На устном экзамене по литературе Борис вытащил билет с вопросами по Лермонтову и Маяковскому — счастливый билет! — и, не мешкая, бросился к столу, но напоролся на яростное сопротивление седеющего педанта с узким гоголевским носом и прилепленными к носу колючими глазками, который замотал его придирками и вопросами, похожими то на подножки, то на удары в спину, и Борис, воя, бегал на четвереньках по таким дремучим углам памяти, что он даже не догадывался раньше об их существовании, и его спасение было в том, что эти затхлые уголки в тот момент осветились каким-то неожиданным, почти волшебным светом.
Он возвращался с экзаменов с дрожащими ледяными руками и воспаленным, но белым лицом, на котором странно таращились два крупных остановившихся глаза, и когда мама открывала ему дверь квартиры, она ничего не спрашивала, только вглядывалась в него в ужасе и с мольбой пощадить ее, стараясь по выражению его лица догадаться о результате. Он кратко говорил: «Пять», — и она со слезами облегчения бросалась его целовать, но он бормотал испуганно: «Не надо, не надо, не надо…» — и высвободившись из ее объятий, уходил в ванную, где, заперевшись, долго и бессмысленно смотрел на себя в зеркало, время от времени рукою поправляя растрепанные волосы; потом, словно внезапно определив причину своего муторного состояния, резким движением, с гримасой отвращения срывал с себя красивый вечерне-синий с красными далекими огнями стоп-сигналов галстук итальянских кровей (подарок отца к выпускному вечеру), расстегивал ворот рубашки и, включив холодную воду с намерением остудить лицо, вдруг присаживался на край ванны и замирал так, совсем опустошенный, с галстуком в руке… шло время… мама робко стучалась в дверь, звала обедать, он вяло отзывался, заворачивал кран, выходил… в кухне пахло его любимыми кушаниями, и его снова начинало мутить; он хватался за сигарету, поспешно закуривал, садился на табурет и молча, отстраненно смотрел, как возится она у плиты.

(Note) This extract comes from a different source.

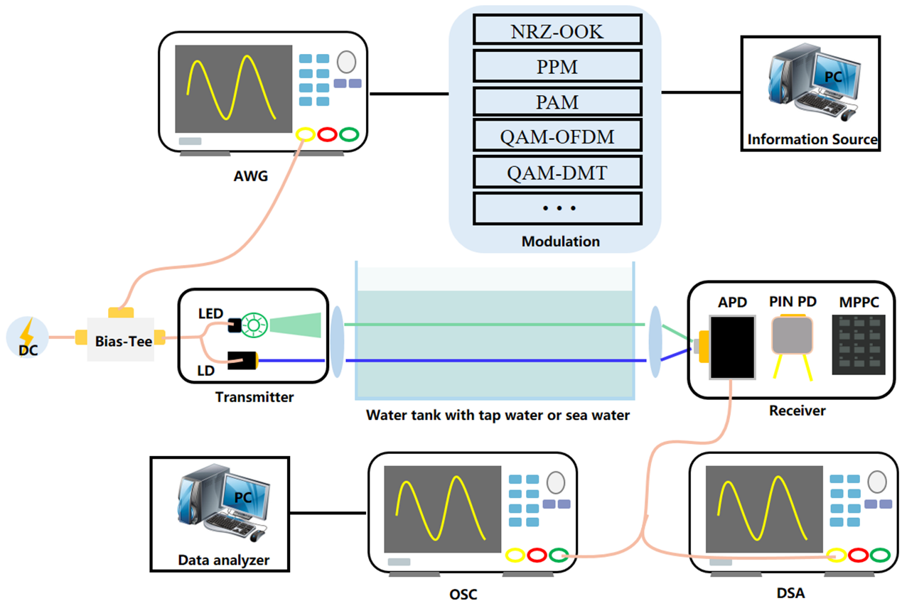 水下通信系統(tǒng)的研究大多是先在實(shí)驗(yàn)室進(jìn)行演示,然后逐步應(yīng)用到實(shí)際水下環(huán)境中。一個(gè)典型的實(shí)驗(yàn)室視線 UWOC系統(tǒng)由三部分組成,如圖4所示,包括發(fā)射單元、水下信道和接收模塊。發(fā)射單元由光源裝置、調(diào)制器、光放大器和光學(xué)透鏡等組成。接收模塊由放大電路、光學(xué)濾波器、光學(xué)透鏡和光電探測器等組成。在發(fā)射端,信息源產(chǎn)生的信息經(jīng)過編碼和調(diào)制處理后,加載到任意信號(hào)發(fā)生器(AWG)上。然后AWG輸出經(jīng)過調(diào)制的交流電信號(hào),通過bias-tee與直流電結(jié)合,驅(qū)動(dòng)光源發(fā)射裝置發(fā)出光載波。調(diào)制后的光信號(hào)經(jīng)發(fā)射透鏡準(zhǔn)直后通過水箱。水箱內(nèi)裝滿自來水,用于模擬水下鏈路,實(shí)驗(yàn)中通常利用反射鏡來實(shí)現(xiàn)遠(yuǎn)距離傳輸。為了模擬真實(shí)的水下環(huán)境,通常會(huì)在水中加入Maalox和海鹽等作為散射劑。在接收端,光信號(hào)將被接收透鏡聚焦,然后被光電探測器捕獲。經(jīng)光電探測器轉(zhuǎn)換后的電信號(hào)將經(jīng)過放大器和低通濾波器進(jìn)行進(jìn)一步優(yōu)化,然后傳送到示波器(OSC)或信號(hào)質(zhì)量分析儀(DSA)進(jìn)行解碼和解調(diào),從而恢復(fù)到原始信號(hào),計(jì)算機(jī)或誤碼率模塊將收集原始信息進(jìn)行進(jìn)一步分析。

В воскресенье вывесили список провалившихся на сочинении.
Приятель родителей, Константин Петрович, или дядя Костя, заехал на машине: предполагалась загородная прогулка. Родители настояли, чтобы Борис отправился с ними. Дядя Костя заметил: «Надо проветриться…» В университет решили заскочить по дороге. Борис малодушно согласился.
В машине гремела музыка: исполнялись арии из популярных оперетт. Дядя Костя раскурил трубку. Он очень степенно вел машину.
Бориса знобило.
— Ну давай, — сказал отец, когда машина остановилась у здания университета: — Только быстро! — и ободряюще похлопал сына по спине. Борис с удивлением посмотрел на отца.
Он протолкался к списку; буква «С» запрыгала перед глазами.
Саблин…
Савушкина…
Семенов
еще один Семенов…
Сладкоедова…
Вечером родители собираются в гости. Интересно, пойдут, если «пара»? Мама, наверное, не пойдет… А отец? Он скажет: неудобно, ведь пригласили… Может быть, тоже не пойдет за компанию, а в душе будет злиться… Да что в гости! Вот загородная поездка — сорвется или состоится? Интересно, как его будут утешать? Что скажут? Они уже выработали систему утешения?
Солдатов…
Соловьев…
Сымбамбаева…
Тимуров
Дядя Костя пыхтит трубкой и говорит солидно: «Да, трудновато молодежи…», и отец кивает: «Трудновато…»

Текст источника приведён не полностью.